We need to adapt." So, so then we had to change everything in order to kind of play a different game in a way. So I don't, I don't know if you guys have any different views on this?

Anders Boyer
CFO, Pandora

I can maybe add that we have a structured process where we follow up on existing business cases. So if there's a business case on the Phoenix Strategy, where we allocated a certain amount of OpEx investment or CapEx, then we follow up on it on a regular basis. "Okay, how much money did we give you? What did you promise in return, and what does the actual numbers look like?" And then we scale up or down depending on what the numbers look like. So of course, we do have that as a structured process on all the bigger projects or investments that we're doing.

Alexander Lacik
CEO, Pandora

But it's almost been like if, you know, just think about it, you know, the guidance we had on the network benefit in 2021, we've now upped that number because we've got a lot more confidence. So that's kind of gone the other way, not something that flopped, but actually flipped. But then we said, "Oh, yeah, but right now we don't have that CapEx plan, therefore we have to do it next year." So though there's been more of those type of conversations, really. Okay, I know we are at the end of the day, so I'm not gonna do a long finish by any means. I think the key message for me is the strategy works. We're now getting into the second chapter. We have, you know, we've shared with you tons of ideas and, and...

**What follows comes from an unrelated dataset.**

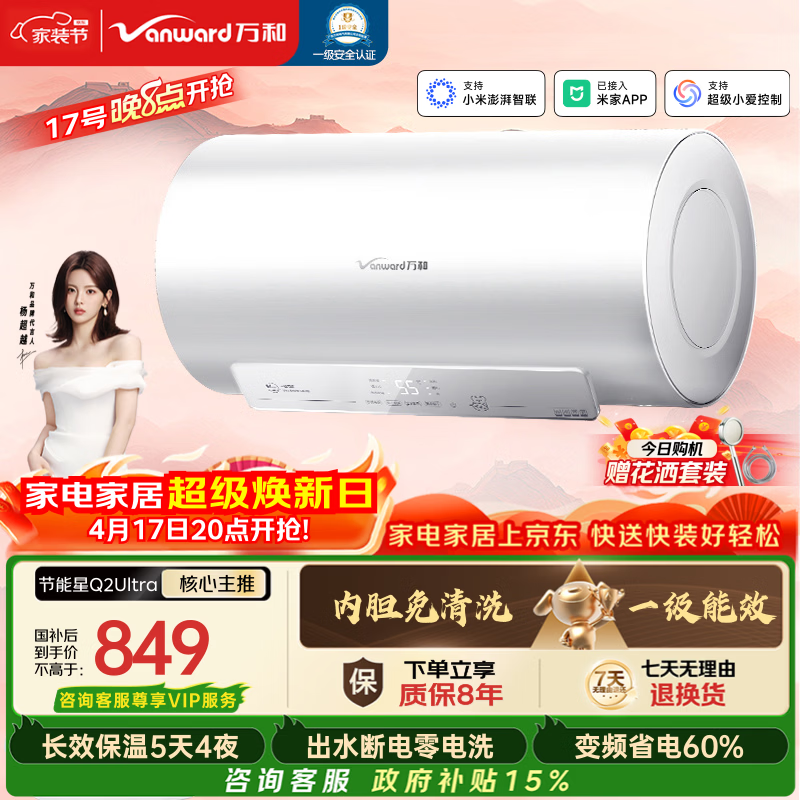 万和【节能星Q2Ultra】60升3300W变频速热一级能效出水断电免换镁棒电热水器国家补贴15%

But they're all very concrete ideas, and I think that's the important thing. It's not pipe dreams. We've spoken about. Somebody told me we have a very ambitious financial plan. The way I would call it is a sensible financial guidance going forward. And we're very confident that we have enough, you know, juice in the tank to deliver. But I think the most important thing, which I'd like to kind of pass to you, except remembering my bee and my Phoenix, just to prove my memory model correct. The more important thing is, what we've tried to give you today is a feeling, a feeling that we're trying to use to transform this brand experience.

So if what you have experienced today, if we could implant that in, let's say, 200 million consumers, then this brand is gonna move to a very different place, and that's really the guiding light. So, you know, we had one of my previous colleagues, he said, "It's not what you say or what you do, it's how you make me feel that makes a lasting impression." So on that note, I hope we have kind of showed you our vision of where Pandora is heading. Thank you very much.